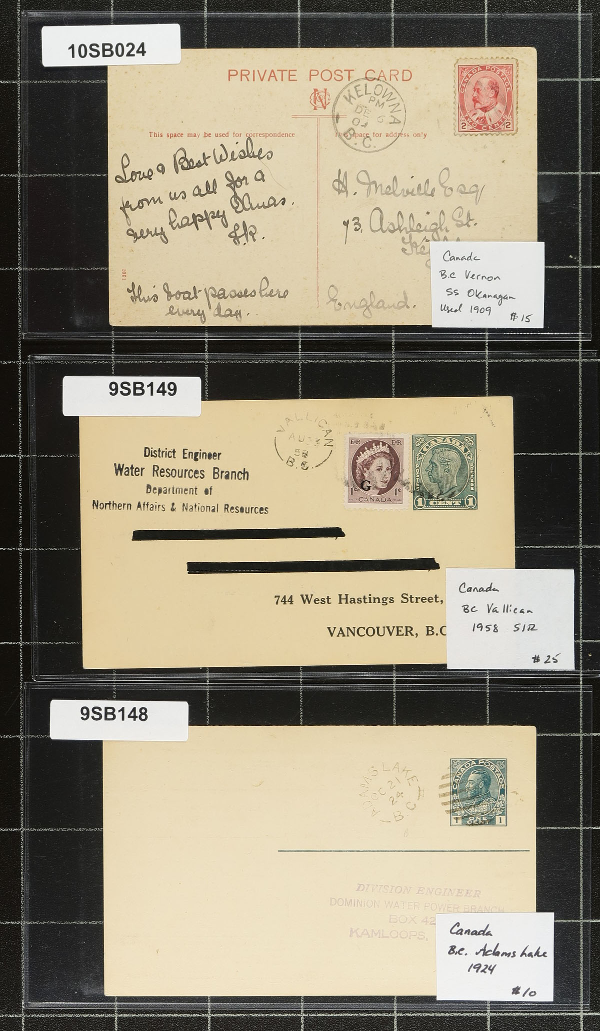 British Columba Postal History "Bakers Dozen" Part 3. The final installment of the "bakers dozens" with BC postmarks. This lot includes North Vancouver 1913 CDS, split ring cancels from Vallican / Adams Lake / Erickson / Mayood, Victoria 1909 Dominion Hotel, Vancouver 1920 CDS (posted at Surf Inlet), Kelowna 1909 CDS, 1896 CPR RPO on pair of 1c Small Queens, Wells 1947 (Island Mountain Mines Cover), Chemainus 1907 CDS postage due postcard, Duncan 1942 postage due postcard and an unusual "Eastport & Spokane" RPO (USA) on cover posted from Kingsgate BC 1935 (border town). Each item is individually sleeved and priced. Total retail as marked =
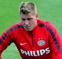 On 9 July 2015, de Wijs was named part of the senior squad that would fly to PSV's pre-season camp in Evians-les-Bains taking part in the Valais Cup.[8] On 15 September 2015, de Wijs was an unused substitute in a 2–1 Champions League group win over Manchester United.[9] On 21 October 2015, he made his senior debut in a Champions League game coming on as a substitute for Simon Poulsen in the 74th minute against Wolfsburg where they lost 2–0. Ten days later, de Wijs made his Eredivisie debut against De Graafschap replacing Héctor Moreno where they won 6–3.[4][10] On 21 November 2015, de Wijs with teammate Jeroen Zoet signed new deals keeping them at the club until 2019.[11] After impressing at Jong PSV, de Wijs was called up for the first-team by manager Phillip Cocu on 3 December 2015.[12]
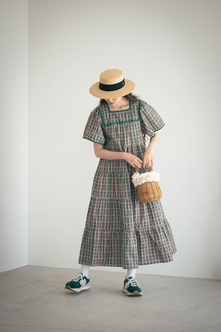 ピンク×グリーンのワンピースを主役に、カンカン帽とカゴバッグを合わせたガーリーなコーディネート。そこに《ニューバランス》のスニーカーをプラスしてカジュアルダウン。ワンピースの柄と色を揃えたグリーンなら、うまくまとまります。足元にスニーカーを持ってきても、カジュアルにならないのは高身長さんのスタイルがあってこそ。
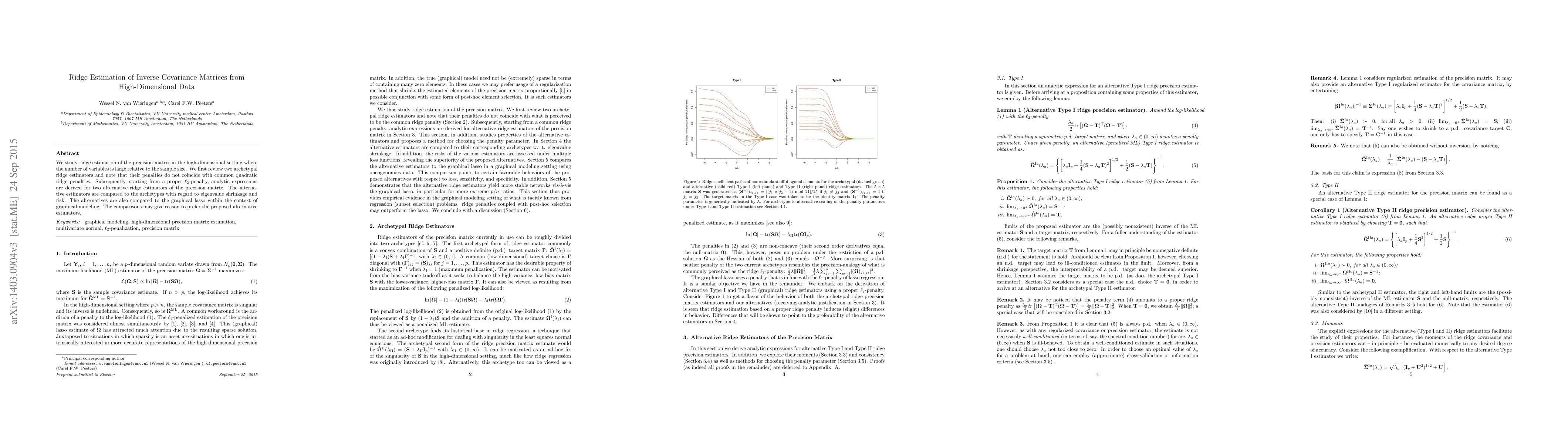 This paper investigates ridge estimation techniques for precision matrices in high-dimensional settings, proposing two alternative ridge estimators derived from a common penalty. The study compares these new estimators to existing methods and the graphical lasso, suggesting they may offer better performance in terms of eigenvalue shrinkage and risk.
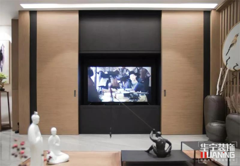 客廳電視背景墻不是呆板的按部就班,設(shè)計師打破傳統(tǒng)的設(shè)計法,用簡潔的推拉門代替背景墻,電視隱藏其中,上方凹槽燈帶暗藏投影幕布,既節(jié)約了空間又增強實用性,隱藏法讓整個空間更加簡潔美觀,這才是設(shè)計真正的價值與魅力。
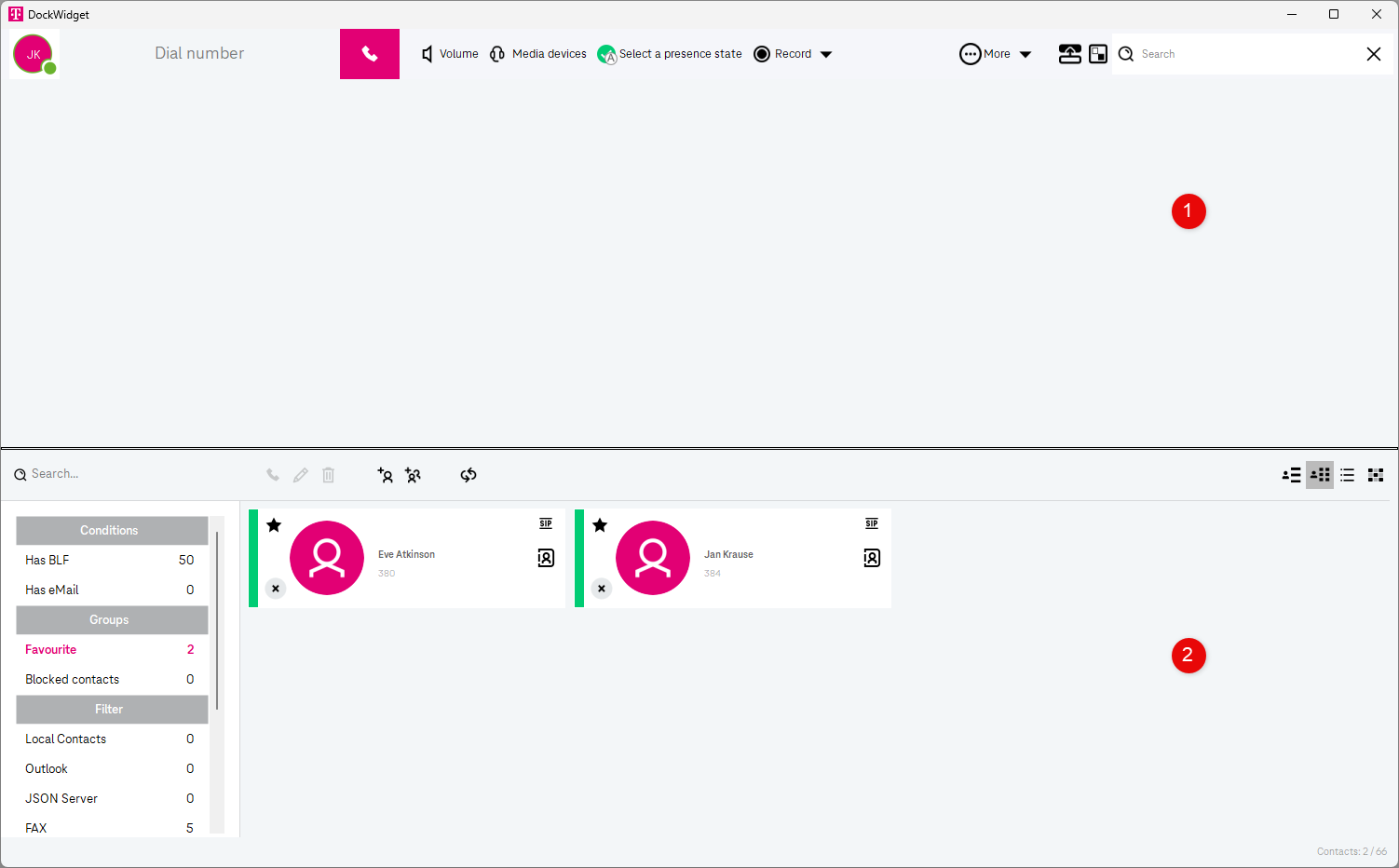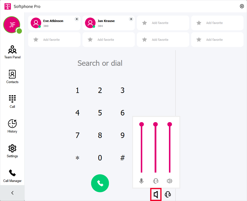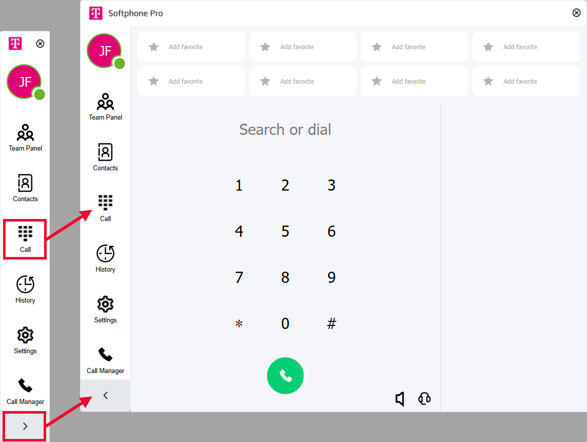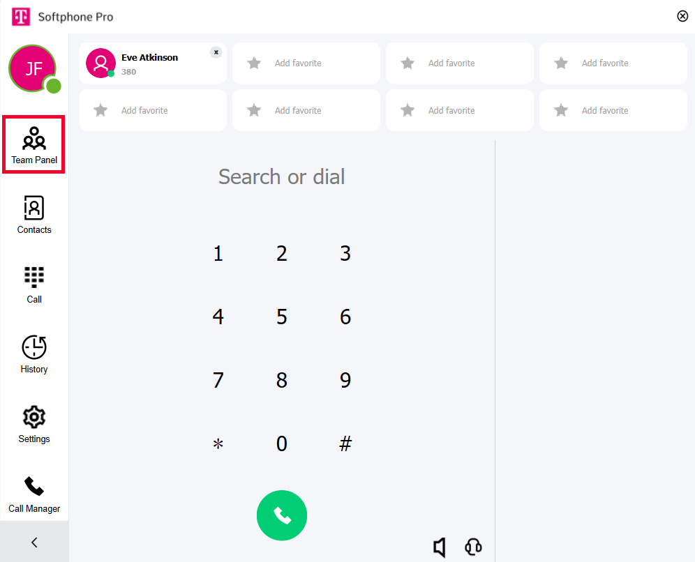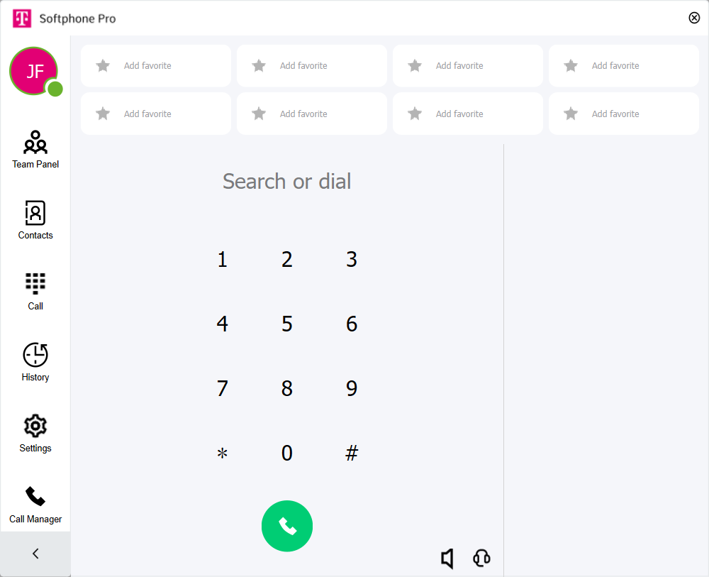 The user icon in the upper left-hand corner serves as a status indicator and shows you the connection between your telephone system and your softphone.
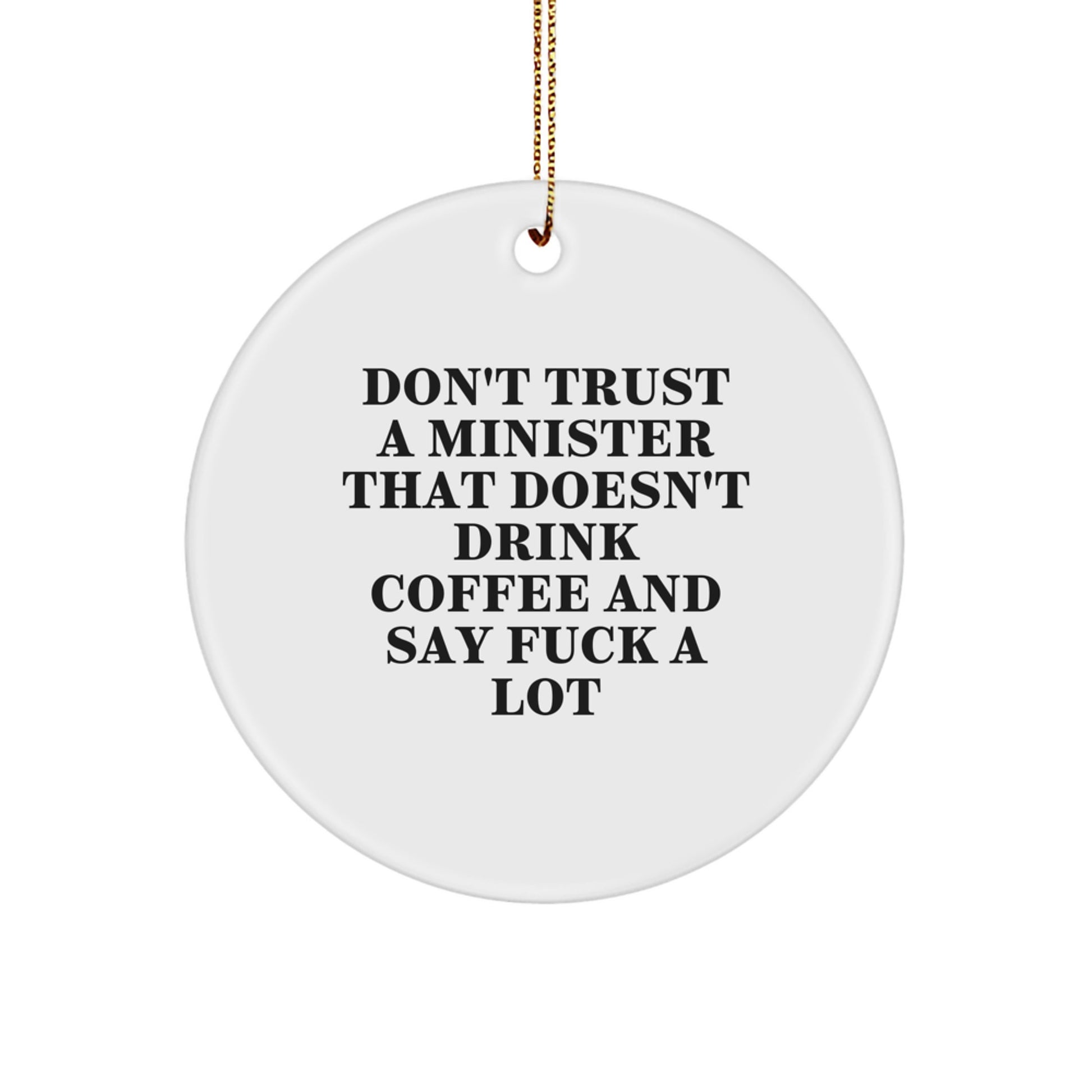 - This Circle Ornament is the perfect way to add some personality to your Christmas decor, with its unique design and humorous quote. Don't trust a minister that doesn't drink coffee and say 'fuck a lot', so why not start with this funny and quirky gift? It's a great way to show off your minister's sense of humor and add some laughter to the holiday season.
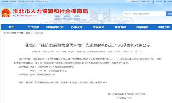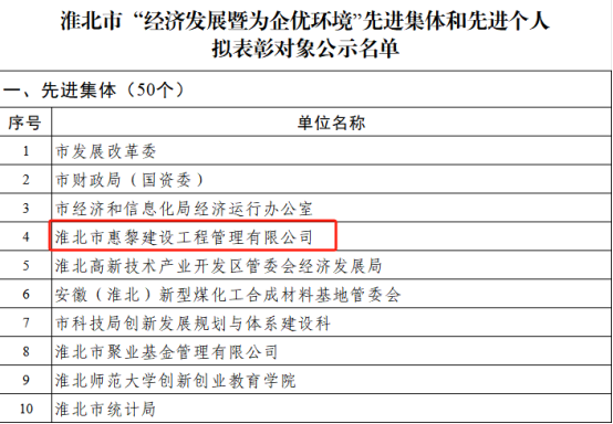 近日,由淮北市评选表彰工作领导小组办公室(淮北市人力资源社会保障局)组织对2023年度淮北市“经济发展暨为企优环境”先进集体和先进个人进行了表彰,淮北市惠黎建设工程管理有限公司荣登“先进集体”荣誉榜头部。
#####
■ Work instructions ■
Set down all of the entries exactly. Leave the pictures out.

■ Answer box ■
 British Columba Postal History "Bakers Dozen" Part 3. The final installment of the "bakers dozens" with BC postmarks. This lot includes North Vancouver 1913 CDS, split ring cancels from Vallican / Adams Lake / Erickson / Mayood, Victoria 1909 Dominion Hotel, Vancouver 1920 CDS (posted at Surf Inlet), Kelowna 1909 CDS, 1896 CPR RPO on pair of 1c Small Queens, Wells 1947 (Island Mountain Mines Cover), Chemainus 1907 CDS postage due postcard, Duncan 1942 postage due postcard and an unusual "Eastport & Spokane" RPO (USA) on cover posted from Kingsgate BC 1935 (border town). Each item is individually sleeved and priced. Total retail as marked =
 On 9 July 2015, de Wijs was named part of the senior squad that would fly to PSV's pre-season camp in Evians-les-Bains taking part in the Valais Cup.[8] On 15 September 2015, de Wijs was an unused substitute in a 2–1 Champions League group win over Manchester United.[9] On 21 October 2015, he made his senior debut in a Champions League game coming on as a substitute for Simon Poulsen in the 74th minute against Wolfsburg where they lost 2–0. Ten days later, de Wijs made his Eredivisie debut against De Graafschap replacing Héctor Moreno where they won 6–3.[4][10] On 21 November 2015, de Wijs with teammate Jeroen Zoet signed new deals keeping them at the club until 2019.[11] After impressing at Jong PSV, de Wijs was called up for the first-team by manager Phillip Cocu on 3 December 2015.[12]
 ピンク×グリーンのワンピースを主役に、カンカン帽とカゴバッグを合わせたガーリーなコーディネート。そこに《ニューバランス》のスニーカーをプラスしてカジュアルダウン。ワンピースの柄と色を揃えたグリーンなら、うまくまとまります。足元にスニーカーを持ってきても、カジュアルにならないのは高身長さんのスタイルがあってこそ。
 This paper investigates ridge estimation techniques for precision matrices in high-dimensional settings, proposing two alternative ridge estimators derived from a common penalty. The study compares these new estimators to existing methods and the graphical lasso, suggesting they may offer better performance in terms of eigenvalue shrinkage and risk.
 客廳電視背景墻不是呆板的按部就班,設(shè)計師打破傳統(tǒng)的設(shè)計法,用簡潔的推拉門代替背景墻,電視隱藏其中,上方凹槽燈帶暗藏投影幕布,既節(jié)約了空間又增強實用性,隱藏法讓整個空間更加簡潔美觀,這才是設(shè)計真正的價值與魅力。
 The user icon in the upper left-hand corner serves as a status indicator and shows you the connection between your telephone system and your softphone.
 - This Circle Ornament is the perfect way to add some personality to your Christmas decor, with its unique design and humorous quote. Don't trust a minister that doesn't drink coffee and say 'fuck a lot', so why not start with this funny and quirky gift? It's a great way to show off your minister's sense of humor and add some laughter to the holiday season.
 近日,由淮北市评选表彰工作领导小组办公室(淮北市人力资源社会保障局)组织对2023年度淮北市“经济发展暨为企优环境”先进集体和先进个人进行了表彰,淮北市惠黎建设工程管理有限公司荣登“先进集体”荣誉榜头部。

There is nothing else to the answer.